§ **Collected data**
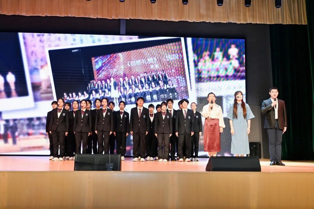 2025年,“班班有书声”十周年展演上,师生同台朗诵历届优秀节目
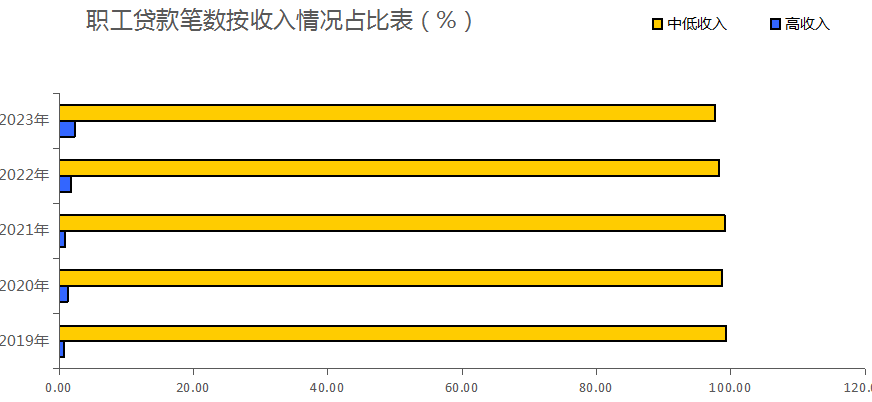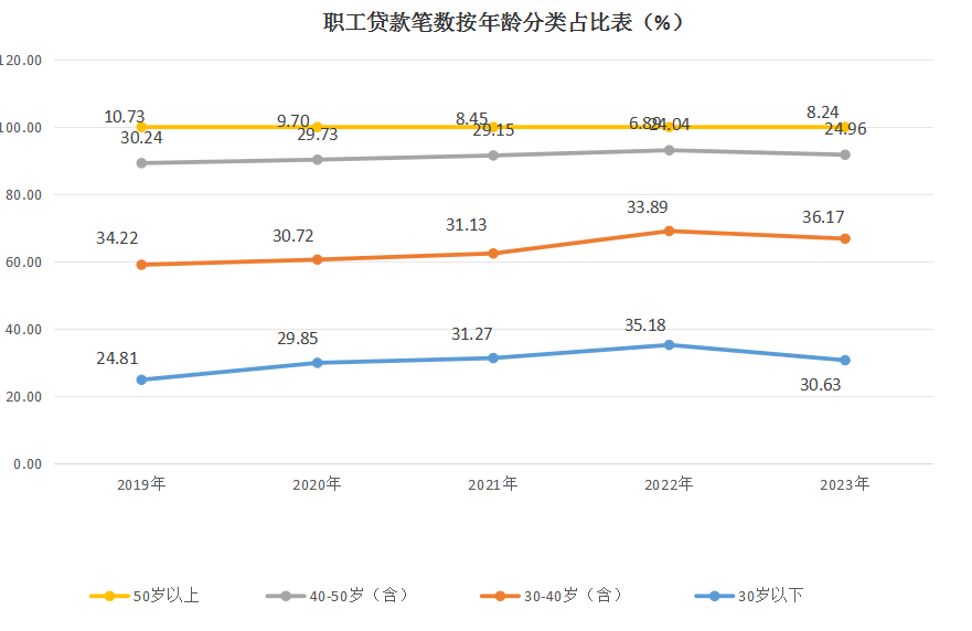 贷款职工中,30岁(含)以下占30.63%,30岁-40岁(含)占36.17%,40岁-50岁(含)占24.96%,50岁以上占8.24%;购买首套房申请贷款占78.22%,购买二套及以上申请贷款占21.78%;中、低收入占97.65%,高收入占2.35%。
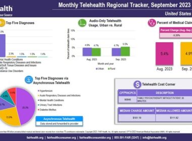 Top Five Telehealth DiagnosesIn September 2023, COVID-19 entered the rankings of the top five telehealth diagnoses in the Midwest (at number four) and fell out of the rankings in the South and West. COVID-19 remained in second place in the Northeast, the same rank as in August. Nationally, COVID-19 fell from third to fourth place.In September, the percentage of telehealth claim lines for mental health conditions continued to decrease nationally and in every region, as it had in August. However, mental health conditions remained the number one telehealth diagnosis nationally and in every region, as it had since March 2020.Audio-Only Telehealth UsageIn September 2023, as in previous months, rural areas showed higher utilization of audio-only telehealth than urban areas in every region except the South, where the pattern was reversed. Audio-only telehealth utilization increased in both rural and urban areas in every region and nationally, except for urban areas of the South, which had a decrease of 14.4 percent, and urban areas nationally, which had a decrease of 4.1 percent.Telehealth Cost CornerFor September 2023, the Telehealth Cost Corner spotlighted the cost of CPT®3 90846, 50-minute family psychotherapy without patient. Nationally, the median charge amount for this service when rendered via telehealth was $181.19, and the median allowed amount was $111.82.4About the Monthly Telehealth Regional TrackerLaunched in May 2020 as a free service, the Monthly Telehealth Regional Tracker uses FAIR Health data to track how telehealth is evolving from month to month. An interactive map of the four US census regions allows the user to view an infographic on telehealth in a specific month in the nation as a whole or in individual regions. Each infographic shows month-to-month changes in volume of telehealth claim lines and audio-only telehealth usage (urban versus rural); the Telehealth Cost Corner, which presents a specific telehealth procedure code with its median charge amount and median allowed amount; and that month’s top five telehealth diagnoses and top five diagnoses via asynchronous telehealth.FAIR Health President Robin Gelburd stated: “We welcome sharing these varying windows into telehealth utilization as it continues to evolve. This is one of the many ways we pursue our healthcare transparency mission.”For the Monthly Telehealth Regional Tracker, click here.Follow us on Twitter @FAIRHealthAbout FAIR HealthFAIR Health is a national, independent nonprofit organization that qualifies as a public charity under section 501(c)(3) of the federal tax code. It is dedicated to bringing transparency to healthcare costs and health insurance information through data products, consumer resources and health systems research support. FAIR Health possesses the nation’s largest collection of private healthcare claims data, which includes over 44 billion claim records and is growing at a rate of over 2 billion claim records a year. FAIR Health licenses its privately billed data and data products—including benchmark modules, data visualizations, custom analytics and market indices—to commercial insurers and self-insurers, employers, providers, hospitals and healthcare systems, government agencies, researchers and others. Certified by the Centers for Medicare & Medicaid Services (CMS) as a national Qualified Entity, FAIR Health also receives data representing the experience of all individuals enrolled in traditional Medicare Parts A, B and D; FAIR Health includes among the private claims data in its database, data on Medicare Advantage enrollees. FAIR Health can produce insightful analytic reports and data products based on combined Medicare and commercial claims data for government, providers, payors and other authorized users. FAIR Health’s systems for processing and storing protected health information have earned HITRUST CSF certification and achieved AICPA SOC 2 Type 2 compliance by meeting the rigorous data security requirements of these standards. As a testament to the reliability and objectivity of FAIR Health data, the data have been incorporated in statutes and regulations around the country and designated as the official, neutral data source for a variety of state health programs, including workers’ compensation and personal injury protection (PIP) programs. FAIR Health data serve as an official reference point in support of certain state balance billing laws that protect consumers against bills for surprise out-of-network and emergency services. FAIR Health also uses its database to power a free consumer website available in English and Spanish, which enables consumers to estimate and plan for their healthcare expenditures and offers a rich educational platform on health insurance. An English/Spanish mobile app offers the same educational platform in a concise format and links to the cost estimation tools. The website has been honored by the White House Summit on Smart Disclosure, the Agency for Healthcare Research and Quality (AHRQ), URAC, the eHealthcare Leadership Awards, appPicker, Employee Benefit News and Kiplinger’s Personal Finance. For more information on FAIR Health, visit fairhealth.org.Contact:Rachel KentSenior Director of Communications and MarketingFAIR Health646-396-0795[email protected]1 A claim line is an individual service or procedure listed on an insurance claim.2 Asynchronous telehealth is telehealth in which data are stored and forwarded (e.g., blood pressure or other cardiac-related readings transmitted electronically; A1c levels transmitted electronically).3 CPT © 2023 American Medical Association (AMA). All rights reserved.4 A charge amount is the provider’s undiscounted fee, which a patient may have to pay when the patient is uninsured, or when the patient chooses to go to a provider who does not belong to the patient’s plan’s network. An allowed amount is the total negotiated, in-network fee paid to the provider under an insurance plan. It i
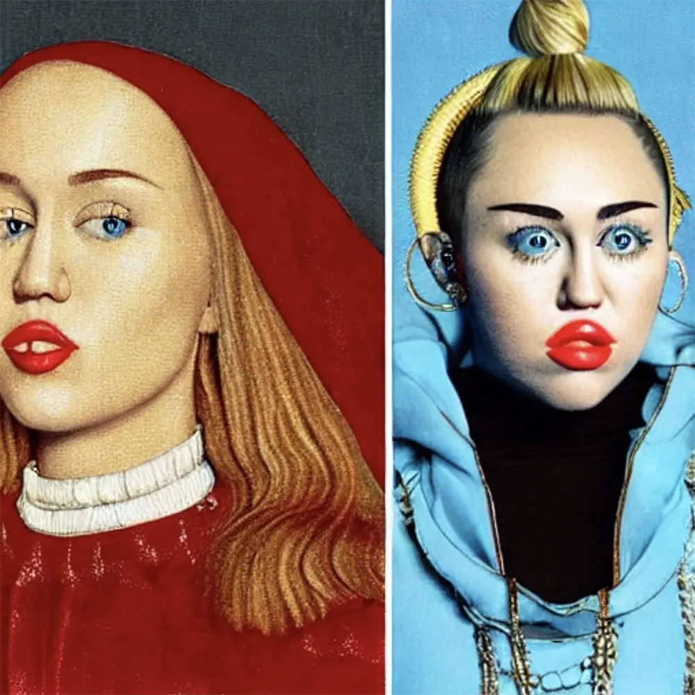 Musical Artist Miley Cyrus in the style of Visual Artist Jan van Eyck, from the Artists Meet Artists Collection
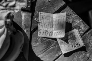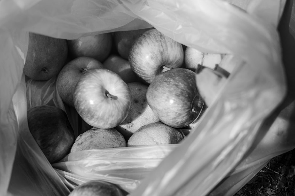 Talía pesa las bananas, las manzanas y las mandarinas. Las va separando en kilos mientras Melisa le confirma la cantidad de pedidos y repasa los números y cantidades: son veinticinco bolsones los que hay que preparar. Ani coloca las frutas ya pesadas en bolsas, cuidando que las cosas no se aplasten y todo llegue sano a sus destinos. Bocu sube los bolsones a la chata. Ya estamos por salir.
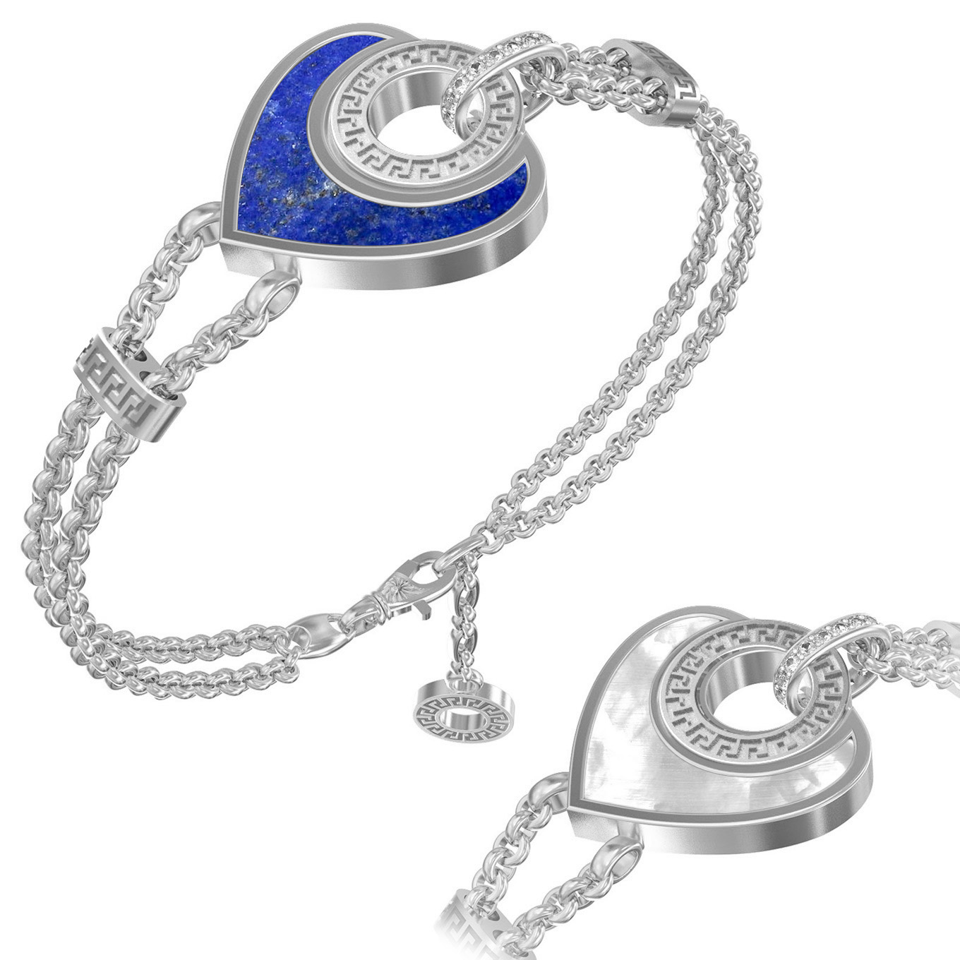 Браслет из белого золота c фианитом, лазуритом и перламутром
==
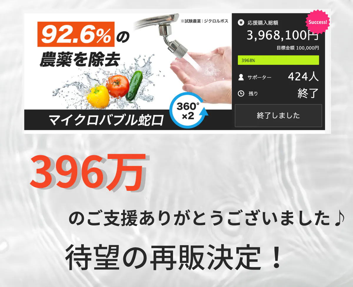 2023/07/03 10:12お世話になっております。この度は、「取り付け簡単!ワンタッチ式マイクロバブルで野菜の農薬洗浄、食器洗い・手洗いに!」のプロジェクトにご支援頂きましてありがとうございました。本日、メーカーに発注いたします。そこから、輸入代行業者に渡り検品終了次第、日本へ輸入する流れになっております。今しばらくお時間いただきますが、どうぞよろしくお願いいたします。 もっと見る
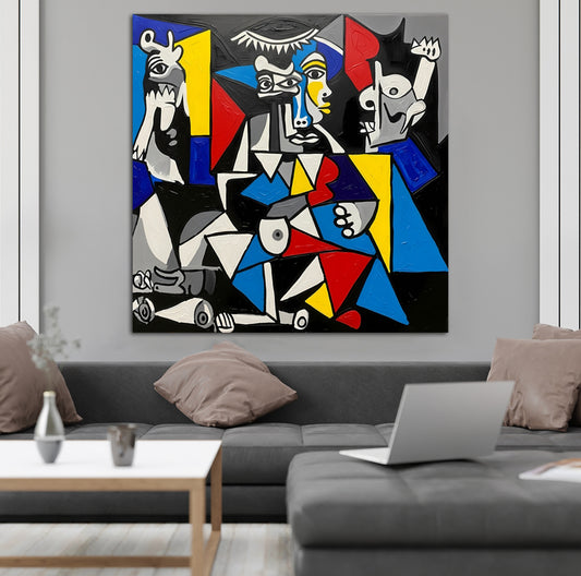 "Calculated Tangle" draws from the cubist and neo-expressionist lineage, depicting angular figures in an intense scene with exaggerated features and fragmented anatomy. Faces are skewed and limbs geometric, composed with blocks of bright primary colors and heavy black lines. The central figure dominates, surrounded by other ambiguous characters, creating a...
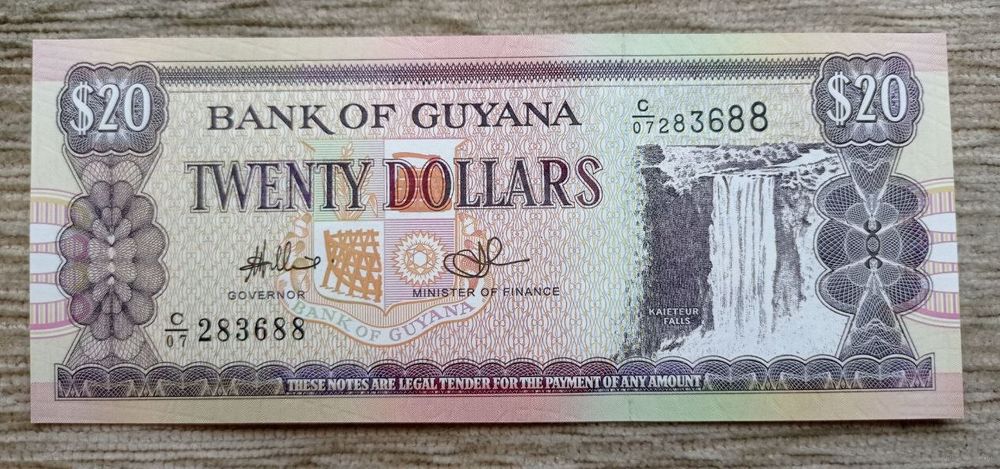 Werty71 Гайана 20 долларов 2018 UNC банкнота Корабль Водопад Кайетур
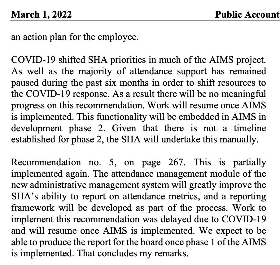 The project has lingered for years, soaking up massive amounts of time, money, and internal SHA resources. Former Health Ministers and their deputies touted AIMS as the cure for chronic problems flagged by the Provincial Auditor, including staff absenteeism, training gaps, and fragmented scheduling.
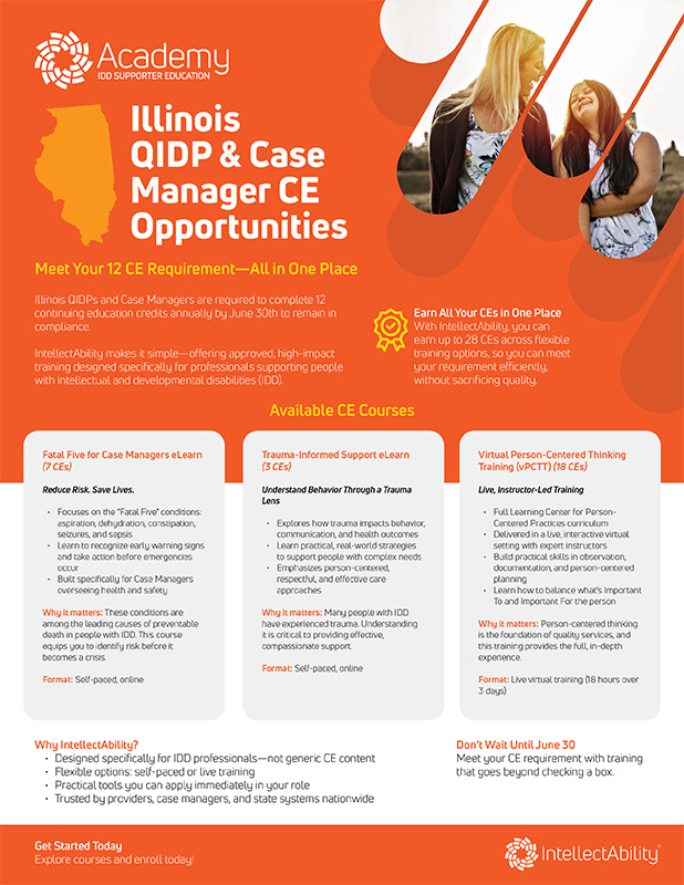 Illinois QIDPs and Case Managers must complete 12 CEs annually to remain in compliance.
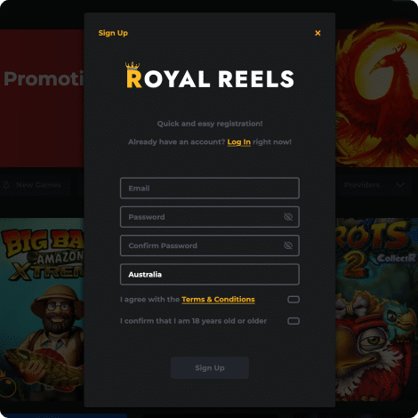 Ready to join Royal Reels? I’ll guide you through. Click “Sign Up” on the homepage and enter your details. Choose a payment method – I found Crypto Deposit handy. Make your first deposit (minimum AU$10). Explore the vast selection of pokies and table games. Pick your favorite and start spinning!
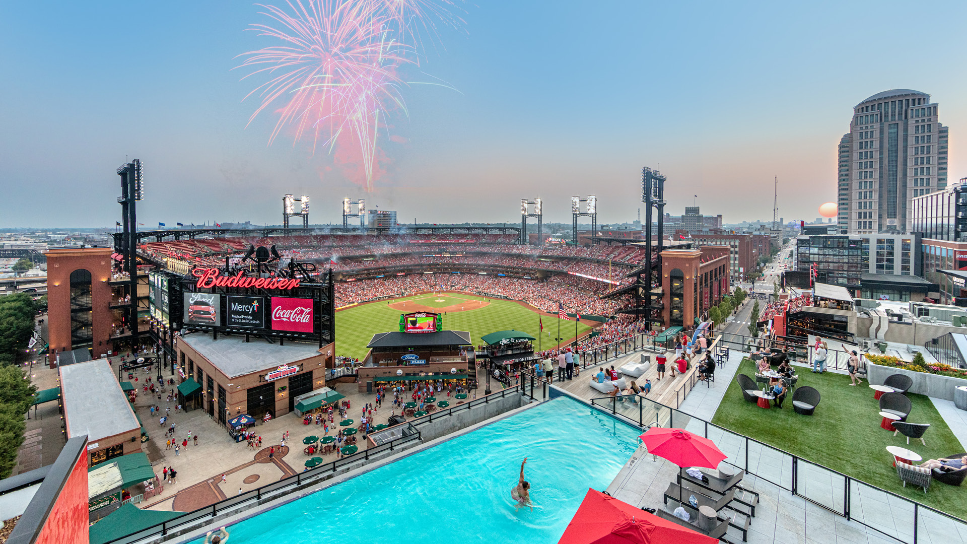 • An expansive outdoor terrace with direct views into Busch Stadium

§ **Problem to work on**
Exactly reproduce the lines above, starting at the one that contains "The project has" and ending at the one that contains "into Busch Stadium", both inclusive; leave the pictures out and add no other lines.

§ **Exercise result**
 The project has lingered for years, soaking up massive amounts of time, money, and internal SHA resources. Former Health Ministers and their deputies touted AIMS as the cure for chronic problems flagged by the Provincial Auditor, including staff absenteeism, training gaps, and fragmented scheduling.
 Illinois QIDPs and Case Managers must complete 12 CEs annually to remain in compliance.
 Ready to join Royal Reels? I’ll guide you through. Click “Sign Up” on the homepage and enter your details. Choose a payment method – I found Crypto Deposit handy. Make your first deposit (minimum AU$10). Explore the vast selection of pokies and table games. Pick your favorite and start spinning!
 • An expansive outdoor terrace with direct views into Busch Stadium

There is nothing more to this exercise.